Quanto custa implementar ESG?

O custo depende do porte, do setor e do estágio em que a empresa se encontra. Um negócio pode começar revendo processos e acompanhando poucos dados, enquanto organizações maiores tendem a investir em sistemas, diagnósticos e verificações externas. Antes de contratar uma solução, é importante saber qual problema precisa ser tratado.

Quanto tempo leva para implementar ESG?

A implantação é contínua. Algumas medidas podem começar em poucos meses, como levantar dados básicos e definir responsáveis. Já mudanças que envolvem a cultura da empresa ou a cadeia de fornecimento exigem acompanhamento ao longo do tempo.

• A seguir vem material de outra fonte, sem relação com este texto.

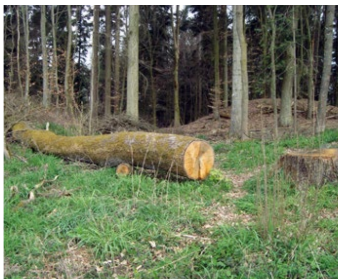
Eine ursprünglich zwischen zwei Grabhügeln hindurch angelegte Rückegasse wurde mit Hilfe eines Baumstamms gesperrt.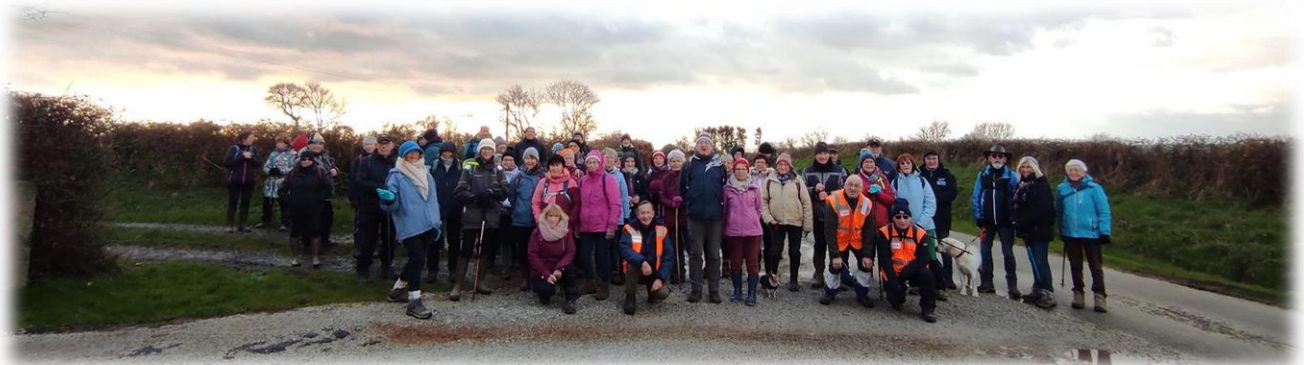
Il n'est jamais trop tard pour faire la photo de groupe !

Toda empresa precisa implementar ESG?

Toda empresa pode incorporar práticas ESG, adaptando a estrutura à sua realidade. Mesmo sem obrigação de publicar relatórios, temas como ética, relações de trabalho e uso de recursos interferem na forma como o negócio é percebido e administrado.

Quem deve liderar a implementação do ESG?

A liderança deve participar diretamente, pois ESG envolve escolhas que afetam a empresa como um todo. A execução pode ser conduzida por uma área ou por um grupo responsável, desde que exista diálogo com quem tem poder para definir prioridades e recursos.

Existe certificação de ESG?

Não existe uma certificação única que determine que uma empresa “é ESG”. Há selos, normas e avaliações independentes que verificam aspectos específicos. Antes de adotar qualquer um deles, a organização precisa entender o que está sendo medido e evitar usar uma certificação como substituta de mudanças reais.